Again, aside from the Brahms revisit, which was a long time in coming, it seems fitting that our next symphony, after Simpson (for whom I have big plans next year) is a composer whom he adored very much. We’ve also, despite his great fame, really discussed very little of Bruckner’s music. I just can’t get around to his sacred stuff, or organ stuff, or both, but we’ve done his study symphony, the first and second, and fourth (as well as a very early “I listened to this today” sort of article on his sixth, which I should delete), so today’s post completes the early ‘canonical’ symphonies. I’ll get around to no. 0 eventually. We also did his quintet, but overall, that’s still just a half a dozen works.

The Bruckner Problem

I actually wrote an article about this years ago, but it’s probably not terribly good, so I’ll skip linking it, but Bruckner was notorious for revisions and rewrites and second- and third-guessing himself, and letting “friends” or associates coerce him into making changes, or else he was especially sensitive to their feedback, so he revised and revisited the same work multiple times, and no other symphony of his suffers from this incessant, episodic revision than the third.

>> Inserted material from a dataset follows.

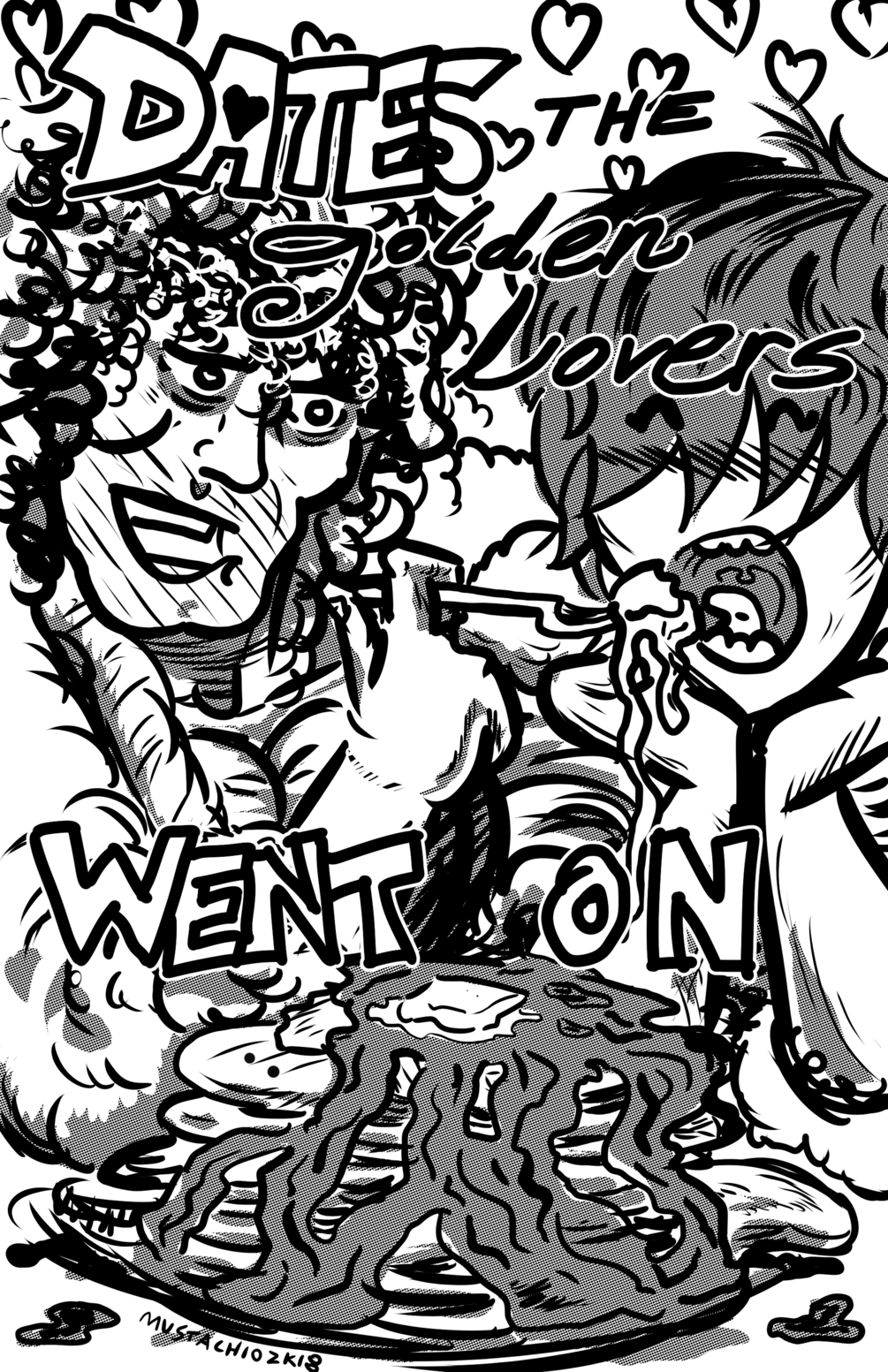 Dates the Golden Lovers Went On is a haiku poetry zine by Amanda Traphagan, co-creator of Red Leather and Danger, featuring cover art by MUSTACHIOSAURUS. The zine depicts 21 imagined moments in the shared life of Kota Ibushi and Kenny Omega, inspired by the deep love they portray in the ring. It is a tribute of sorts to the greatest romance in the history of pro wrestling.

I had the best intentions of giving a very halfhearted attempt at digesting the plethora of versions and revisions that plague this symphony, but once I got to reading, I quickly gave up. I’ll include a few quotes below of the prefaces to different versions from Nowak, but in summary, I’ll relate to you the almost intractable problems of revision he faced with an example to which you can surely relate.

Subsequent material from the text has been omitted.